Motif distribution, dynamical properties, and computational performance of two data-based cortical microcircuit templates

S. Haeusler, K. Schuch, and W. Maass

Abstract:

The neocortex is a continuous sheet composed of rather stereotypical local microcircuits that consist of neurons on several laminae with characteristic synaptic connectivity patterns. An understanding of the structure and computational function of these cortical microcircuits may hold the key for understanding the enormous computational power of the neocortex. Two templates for the structure of laminar cortical microcircuits have recently been published by Thomson et al. and Binzegger et al., both resulting from long-lasting experimental studies (but based on different methods). We analyze and compare in this article the structure of these two microcircuit templates. In particular, we examine the distribution of network motifs, i.e. of subcircuits consisting of a small number of neurons. The distribution of these building blocks has recently emerged as a method for characterizing similarities and differences among complex networks. We show that the two microcircuit templates have quite different distributions of network motifs, although they both have a characteristic small-world property. In order to understand the dynamical and computational properties of these two microcircuit templates, we have generated computer models of them, consisting of Hodgkin-Huxley point neurons with conductance based synapses that have a biologically realistic short-term plasticity.
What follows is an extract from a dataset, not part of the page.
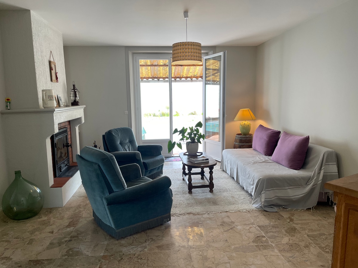 Familiäre Unterkunft im mediterranen Stil, eingebettet im Herzen der Weinberge zwischen der Mündung der Gironde und dem Meer (20 Minuten). Dieser ungewöhnliche Ort, der von Licht umgeben ist, ist ein idealer Ausgangspunkt, um das Médoc zu erkunden. So können Sie die Weinberge, die umliegenden wilden Strände und die Wellen für Surfer, die Ruhe suchen, genießen. Das Haus eignet sich mit seinem Pool und seiner „Slow Life“-Atmosphäre zum Entspannen.

The performance of these two cortical microcircuit models was studied for seven generic computational tasks that require accumulation and merging of information contained in two afferent spike inputs. Although the two models exhibit a different performance for some of these tasks, their average computational performance is very similar. When we changed the connectivity structure of these two microcircuit models in order to see which aspects of it are essential for computational performance, we found that the distribution of degrees of nodes is a common key factor for their computational performance. We also show that their computational performance is correlated with specific statistical properties of the circuit dynamics that is induced by a particular distribution of degrees of nodes.



Reference: S. Haeusler, K. Schuch, and W. Maass. Motif distribution, dynamical properties, and computational performance of two data-based cortical microcircuit templates. J. of Physiology (Paris), 103(1-2):73-87, 2009.